Look through the data below and output, unchanged, every line from the one holding "BOLOGNA, ITALY - OCTOBER" through the one holding "かやくスープとフォーのみ。袋", inclusive. Skip the pictures.

## Data extracts
========================================

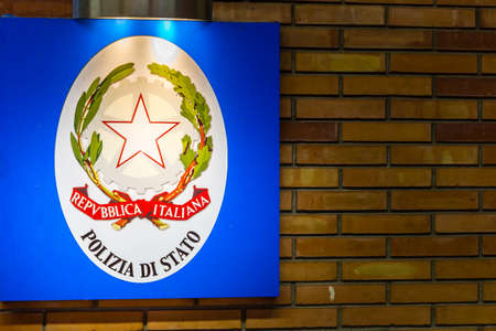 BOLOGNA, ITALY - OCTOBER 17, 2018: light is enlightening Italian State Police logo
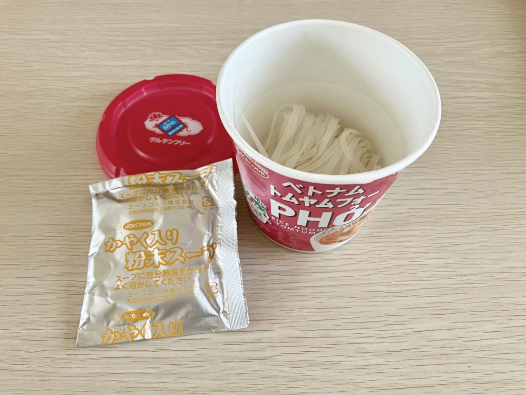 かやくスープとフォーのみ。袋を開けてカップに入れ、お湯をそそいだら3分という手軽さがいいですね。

========================================

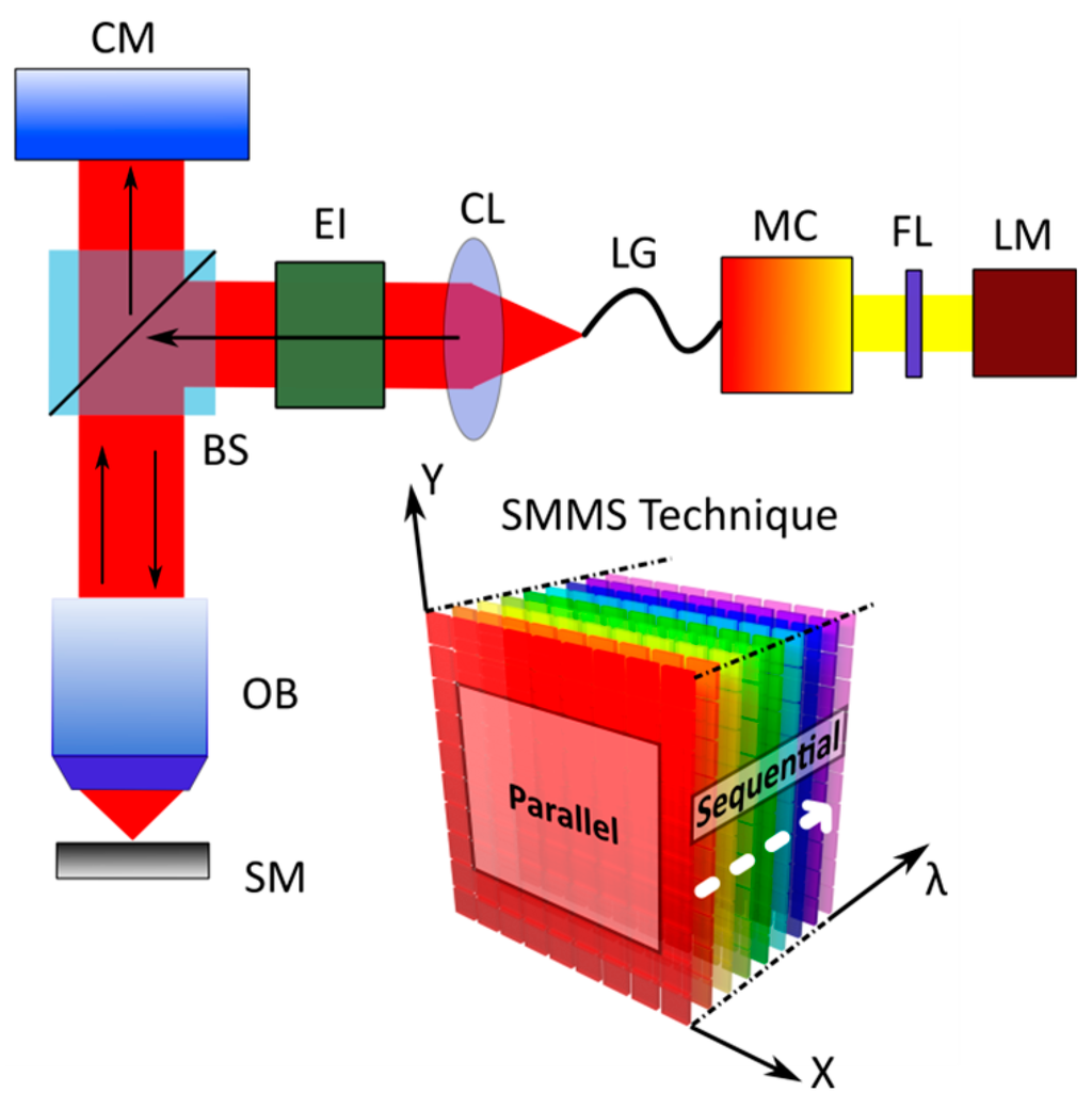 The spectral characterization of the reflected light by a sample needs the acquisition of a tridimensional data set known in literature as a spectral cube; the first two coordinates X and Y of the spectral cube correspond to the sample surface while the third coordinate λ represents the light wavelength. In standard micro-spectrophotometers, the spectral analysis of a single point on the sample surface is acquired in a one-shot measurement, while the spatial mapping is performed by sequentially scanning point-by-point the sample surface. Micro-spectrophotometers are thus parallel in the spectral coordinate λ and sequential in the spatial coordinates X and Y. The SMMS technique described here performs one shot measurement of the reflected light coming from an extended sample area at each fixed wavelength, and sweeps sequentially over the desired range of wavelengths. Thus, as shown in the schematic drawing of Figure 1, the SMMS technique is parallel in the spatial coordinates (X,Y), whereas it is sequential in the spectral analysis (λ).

========================================

## Written response
 BOLOGNA, ITALY - OCTOBER 17, 2018: light is enlightening Italian State Police logo
 かやくスープとフォーのみ。袋を開けてカップに入れ、お湯をそそいだら3分という手軽さがいいですね。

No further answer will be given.